TASK BRIEF » With the pictures excluded, output only the lines from the one containing "Присутствующие возложили цветы" through the last line of the entries, unchanged.

(Saved data entries)
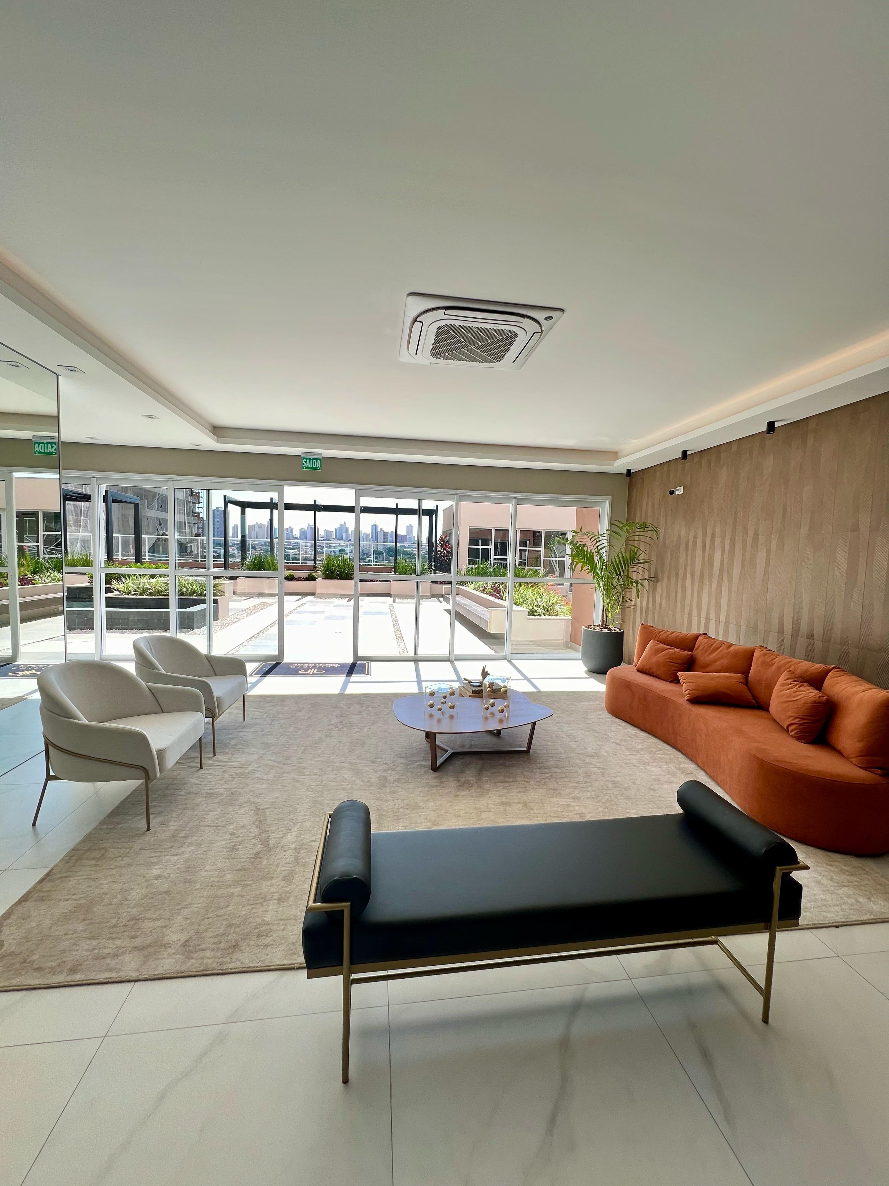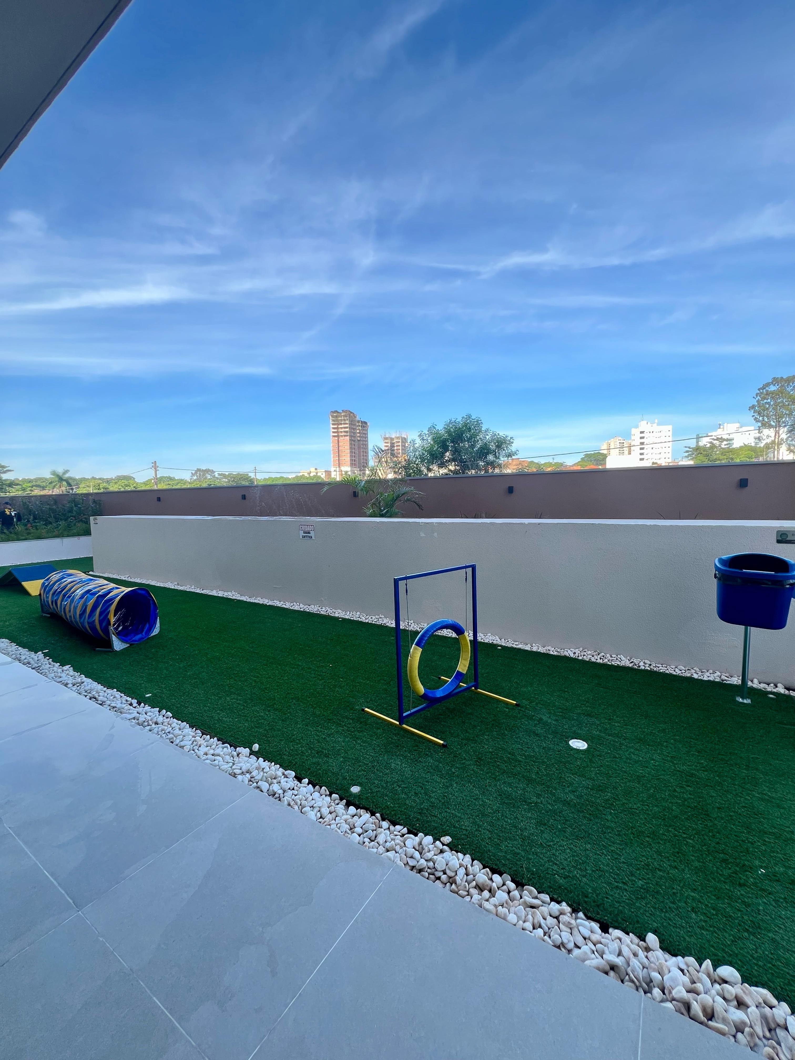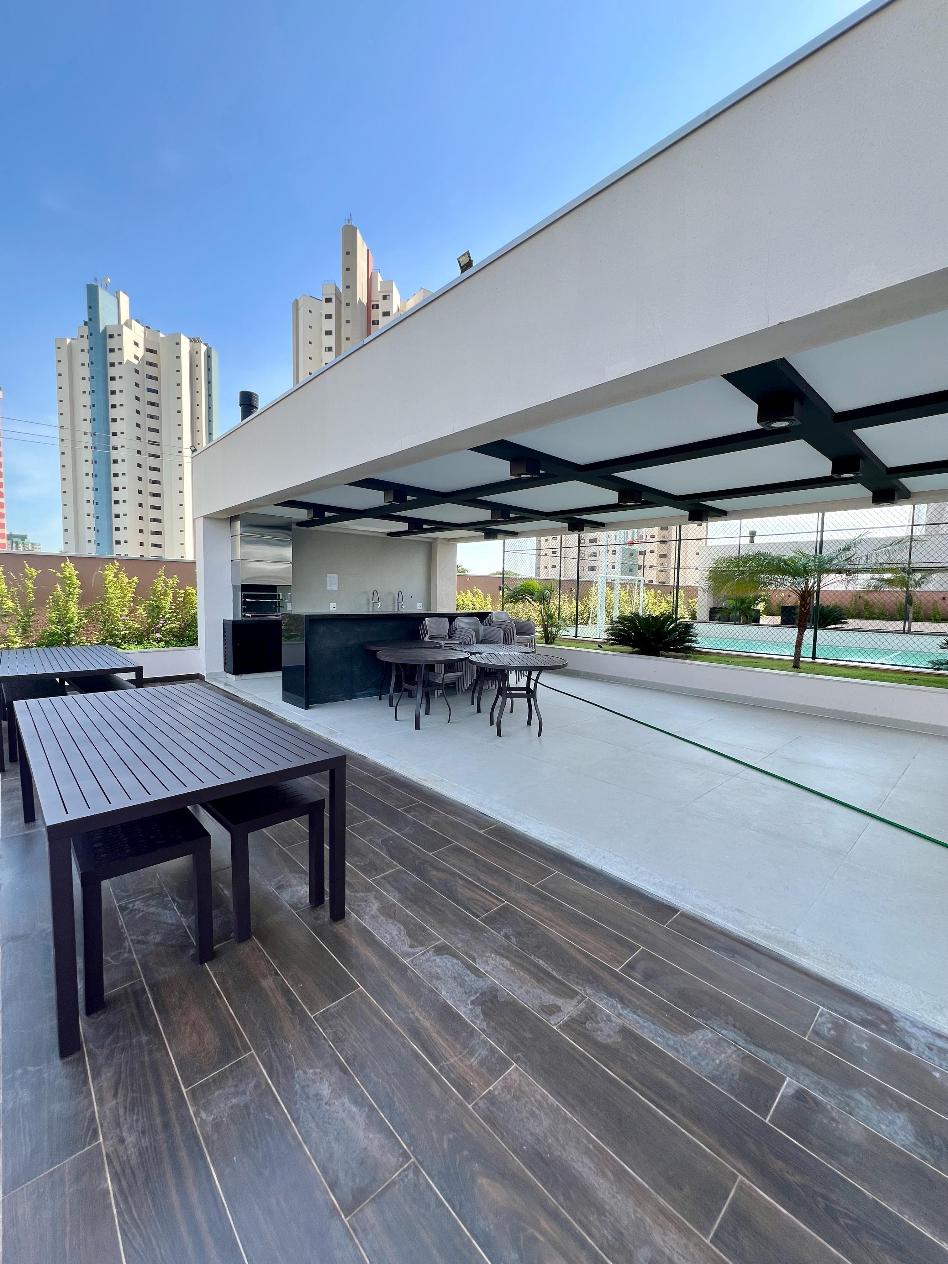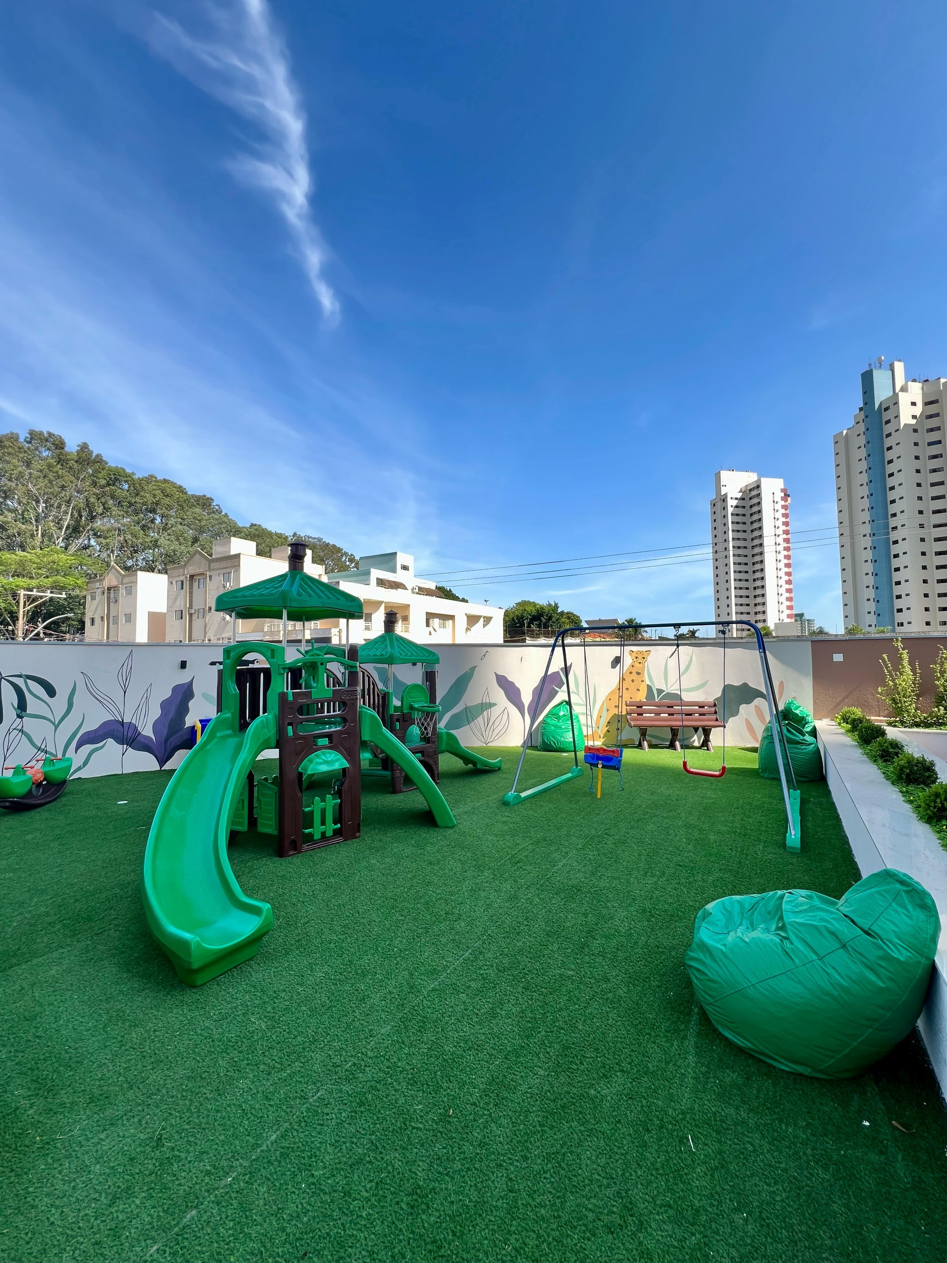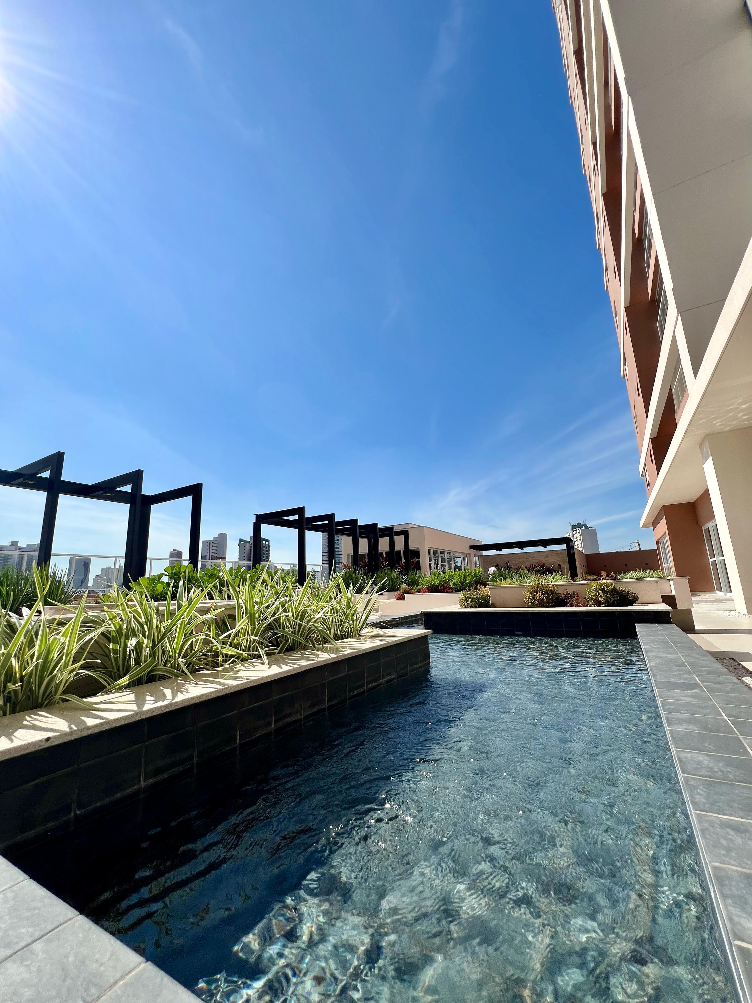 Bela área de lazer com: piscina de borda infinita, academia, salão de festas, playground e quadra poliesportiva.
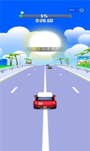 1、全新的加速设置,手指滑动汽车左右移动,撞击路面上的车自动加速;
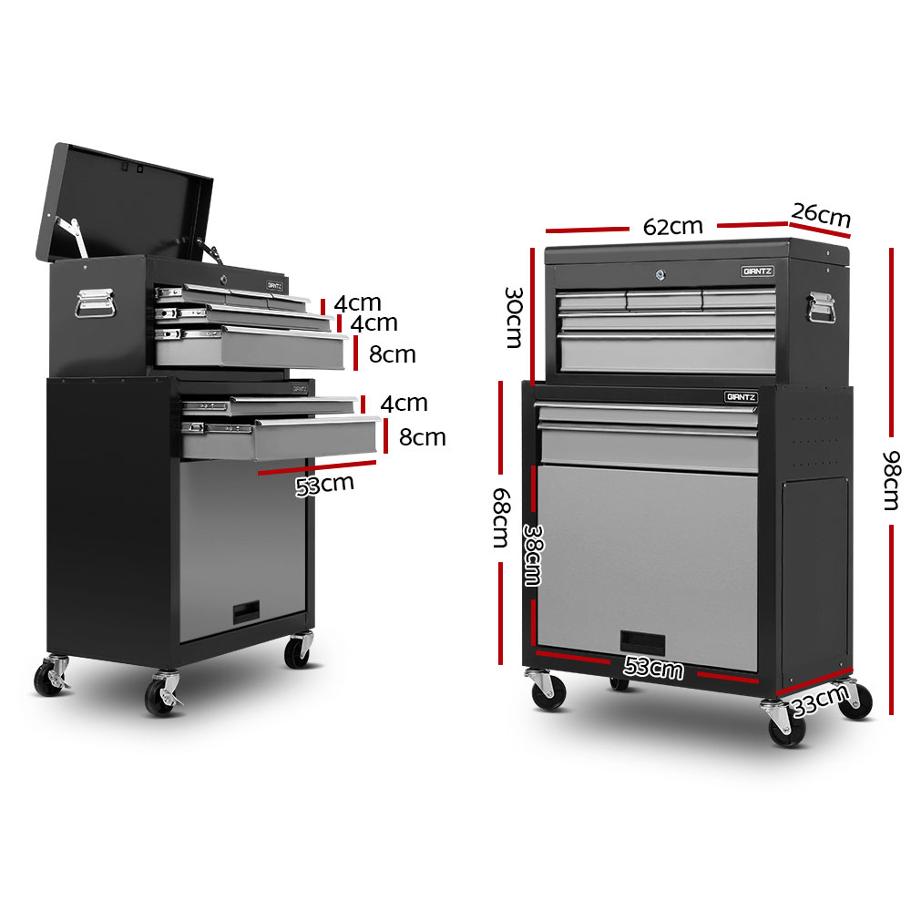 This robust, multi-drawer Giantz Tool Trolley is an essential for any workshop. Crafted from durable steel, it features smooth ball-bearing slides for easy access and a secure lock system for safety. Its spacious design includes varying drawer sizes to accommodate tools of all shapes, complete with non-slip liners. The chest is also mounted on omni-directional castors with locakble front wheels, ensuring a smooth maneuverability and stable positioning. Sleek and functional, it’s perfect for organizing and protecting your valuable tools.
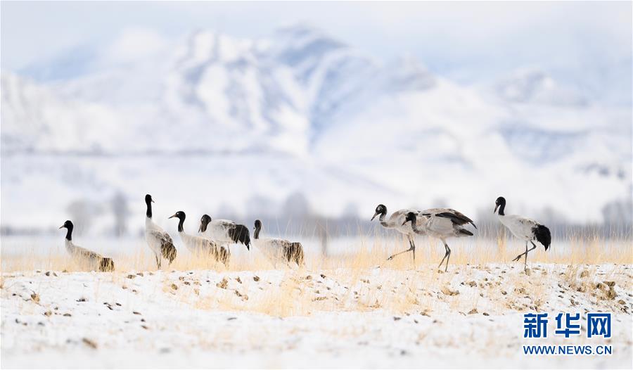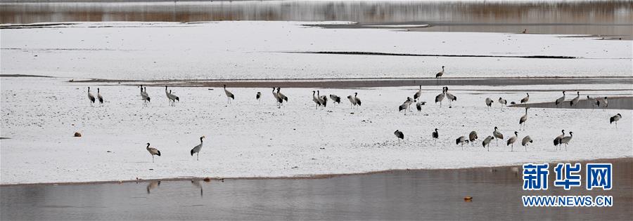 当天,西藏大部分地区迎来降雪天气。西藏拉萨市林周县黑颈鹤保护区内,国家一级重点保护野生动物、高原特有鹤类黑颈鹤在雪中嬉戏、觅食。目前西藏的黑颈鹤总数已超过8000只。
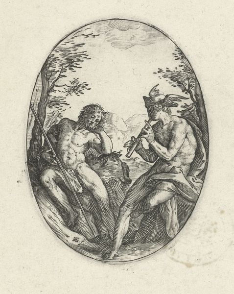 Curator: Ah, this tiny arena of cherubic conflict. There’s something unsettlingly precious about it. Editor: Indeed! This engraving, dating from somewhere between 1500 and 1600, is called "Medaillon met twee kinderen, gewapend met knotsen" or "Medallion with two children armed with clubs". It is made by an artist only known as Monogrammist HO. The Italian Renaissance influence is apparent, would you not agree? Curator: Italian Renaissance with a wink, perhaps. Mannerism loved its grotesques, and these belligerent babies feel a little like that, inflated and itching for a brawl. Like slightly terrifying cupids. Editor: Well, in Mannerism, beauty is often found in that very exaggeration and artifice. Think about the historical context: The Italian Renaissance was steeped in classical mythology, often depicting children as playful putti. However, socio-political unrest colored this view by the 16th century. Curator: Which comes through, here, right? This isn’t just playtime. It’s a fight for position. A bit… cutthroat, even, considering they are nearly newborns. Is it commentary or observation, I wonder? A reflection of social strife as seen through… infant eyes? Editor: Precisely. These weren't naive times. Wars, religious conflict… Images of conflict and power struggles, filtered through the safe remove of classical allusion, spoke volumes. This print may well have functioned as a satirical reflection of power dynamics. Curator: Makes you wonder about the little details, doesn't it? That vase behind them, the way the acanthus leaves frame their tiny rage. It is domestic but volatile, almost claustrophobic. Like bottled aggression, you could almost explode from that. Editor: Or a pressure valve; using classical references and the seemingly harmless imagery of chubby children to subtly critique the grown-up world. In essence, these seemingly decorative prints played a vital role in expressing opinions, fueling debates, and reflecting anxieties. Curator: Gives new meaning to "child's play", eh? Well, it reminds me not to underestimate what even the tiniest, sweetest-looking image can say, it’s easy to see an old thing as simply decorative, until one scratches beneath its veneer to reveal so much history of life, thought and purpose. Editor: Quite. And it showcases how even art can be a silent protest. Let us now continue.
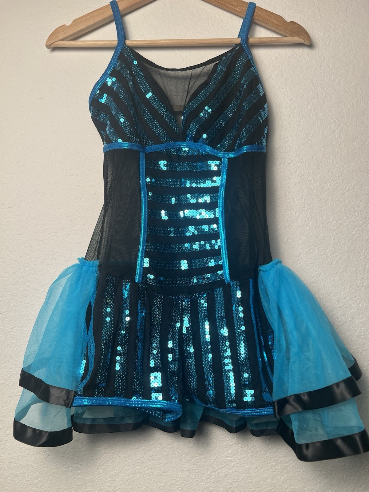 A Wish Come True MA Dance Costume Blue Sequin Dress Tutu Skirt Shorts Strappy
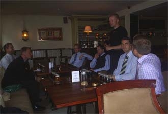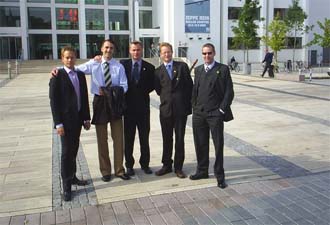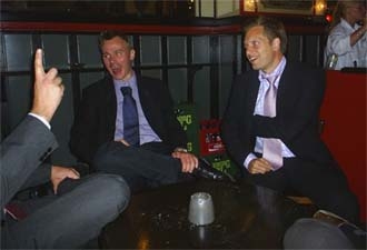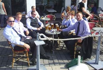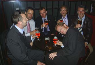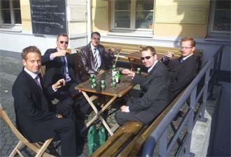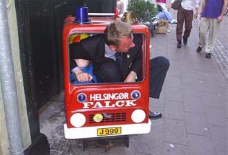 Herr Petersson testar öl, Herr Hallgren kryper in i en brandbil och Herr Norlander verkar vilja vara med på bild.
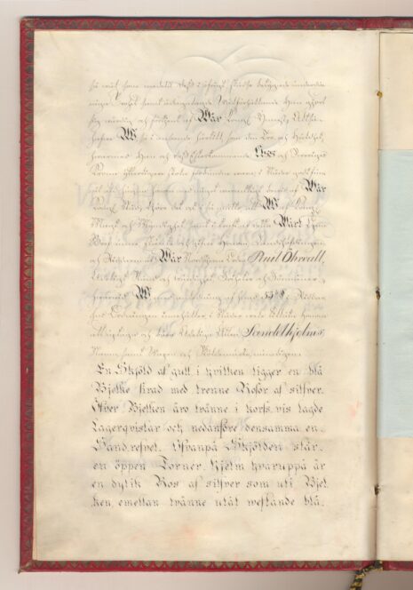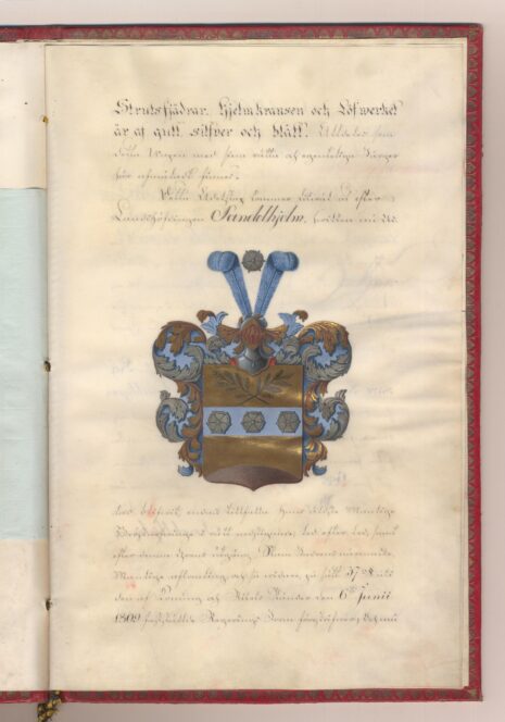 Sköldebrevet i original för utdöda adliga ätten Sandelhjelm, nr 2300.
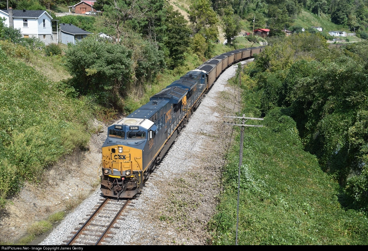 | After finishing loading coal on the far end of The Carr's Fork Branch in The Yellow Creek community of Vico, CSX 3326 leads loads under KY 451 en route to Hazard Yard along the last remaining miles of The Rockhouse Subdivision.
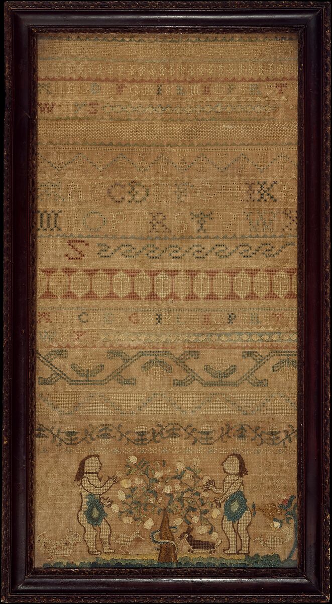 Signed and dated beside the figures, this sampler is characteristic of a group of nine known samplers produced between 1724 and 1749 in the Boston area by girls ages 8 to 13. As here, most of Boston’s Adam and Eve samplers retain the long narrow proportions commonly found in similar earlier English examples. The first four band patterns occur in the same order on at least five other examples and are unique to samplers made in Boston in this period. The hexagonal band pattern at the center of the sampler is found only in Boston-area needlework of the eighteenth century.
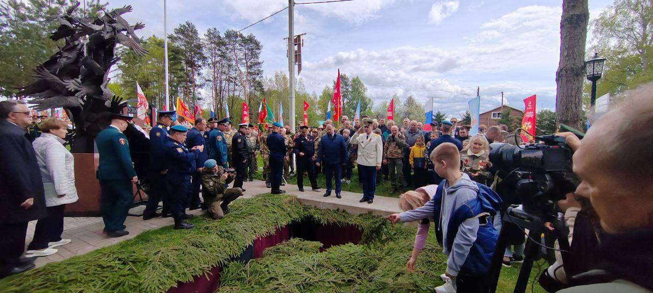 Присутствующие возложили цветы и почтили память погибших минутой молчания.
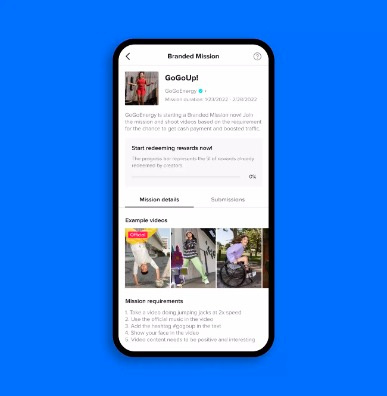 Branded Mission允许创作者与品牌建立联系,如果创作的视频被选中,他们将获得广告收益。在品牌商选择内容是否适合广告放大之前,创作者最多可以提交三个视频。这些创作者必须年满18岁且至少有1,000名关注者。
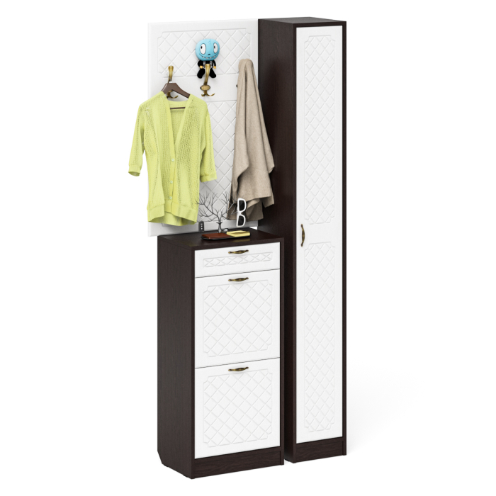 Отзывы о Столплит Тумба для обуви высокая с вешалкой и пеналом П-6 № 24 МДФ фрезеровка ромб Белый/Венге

REPLY »
 Присутствующие возложили цветы и почтили память погибших минутой молчания.
 Branded Mission允许创作者与品牌建立联系,如果创作的视频被选中,他们将获得广告收益。在品牌商选择内容是否适合广告放大之前,创作者最多可以提交三个视频。这些创作者必须年满18岁且至少有1,000名关注者。
 Отзывы о Столплит Тумба для обуви высокая с вешалкой и пеналом П-6 № 24 МДФ фрезеровка ромб Белый/Венге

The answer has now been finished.